Рутинные формулы, взятыя на прокатъ, да еще заднимъ числомъ, т. е. когда уже
всѣ о нихъ имѣютъ нѣкоторое понятiе, гораздо болѣе удаются,
болѣе нравятся обществу, чѣмъ незнакомыя ему убѣжденiя. Только
обносившiяся идеи очень понятны. Въ
прежнихъ ошибкахъ мы готовы сознаться искренно; но вѣдь мы не могли ихъ
тогда видеть сами, именно потому, что и тогда дѣйгтвовали по твердому
убѣжденiю.
4)
Что же касается до того: пускать–ли того или другого въ сотрудники, или до
требованiя человѣка новаго и свѣжаго для Политическаго
обозрѣнiя и проч., и проч., то этими требованiями Аполлопъ Григорьевъ только
доказалъ, что онъ не имѣлъ ни малѣйшаго понятiя о практической
сторонѣ изданiя журнала. Если положимъ К. и М., съ образомъ мыслей которыхъ
журналъ вполнѣ несогласенъ, представятъ къ напечатанiю въ редакцiю
журнала такiя статьи, которыя на этотъ разъ не претивурѣчатъ его главной
идеѣ, его направленiю, а между тѣмъ сами по себѣ любопытны и
даже талантливы, то эти статьи, разумѣется, можно напечатать. Иначе ни
одинъ журналъ не состоится. Также точно нельзя по ошибиться, хоть разъ, въ напечатанiи какой–нибудь неудачной драмы или
повѣсти. Ошибался и Аполлонъ Григорьевъ, а такое требованiе съ его стороны
было слишкомъ строго. Требованiе же «новаго и свѣжаго человѣка» для
Политическаго обозрѣнiя — было еще строже. Требовать вдругъ всего — было невозможно.
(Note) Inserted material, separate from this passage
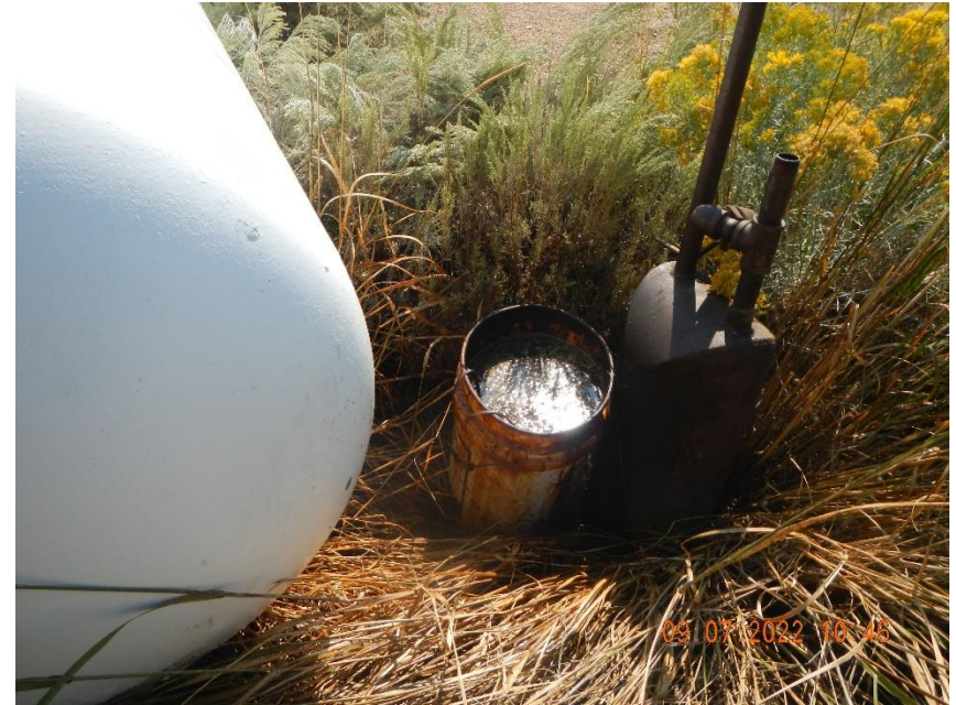
5 gallon bucket of oil with no lid or secondary containment.

Впослѣдствiи «Политическое обозрѣнiе» во «Времени» составлялось весьма
талантливо и замѣчательнымъ сотрудником; но и оно далеко не выражало
направленiя журнала. Трудно сразу отыскать для каждаго отдѣла людей съ
талантами, равносильными таланту Островскаго, да еще начинающему журналу. Уже
довольно того, что журналъ ищетъ этихъ людей и сознаетъ ихъ необходимость. Но
всего досаднѣе въ подобныхъ случаяхъ тò, что такого сотрудника въ
данный моментъ можетъ и совсѣмъ на свѣтѣ не быть.
Сдѣлаю
еще одно послѣднее, общее замѣчанiе. Въ этихъ великолѣпныхъ, историческихъ письмахъ въ которыхъ не
звучитъ ни одной фальшивой (неискренной) ноты и въ которыхъ такъ типично, хотя
все еще не вполнѣ обрисовывается одинъ изъ русскихъ Гамлетовъ нашего
времени (настоящихъ Гамлетовъ), — въ этихъ великолѣпныхъ письмахъ,
говорю я, не все и теперь можетъ быть взято редакцiею «Эпохи» безъ оговорокъ.
Безъ сомнѣнiя каждый литературный критикъ долженъ быть въ то же время и
самъ поэтъ; это, кажется, одно изъ необходимѣйшихъ условiй настоящаго
критика. Григорьевъ былъ безспорный и страстный поэтъ; но онъ былъ и капризенъ
и порывистъ какъ страстный поэтъ. Я не о томъ, собственно, говорю, что онъ увлекался, — фраза, которую
некрологисты его (изъ которыхъ безъ сомнѣнiя рѣдкiй и читалъ Григорьева)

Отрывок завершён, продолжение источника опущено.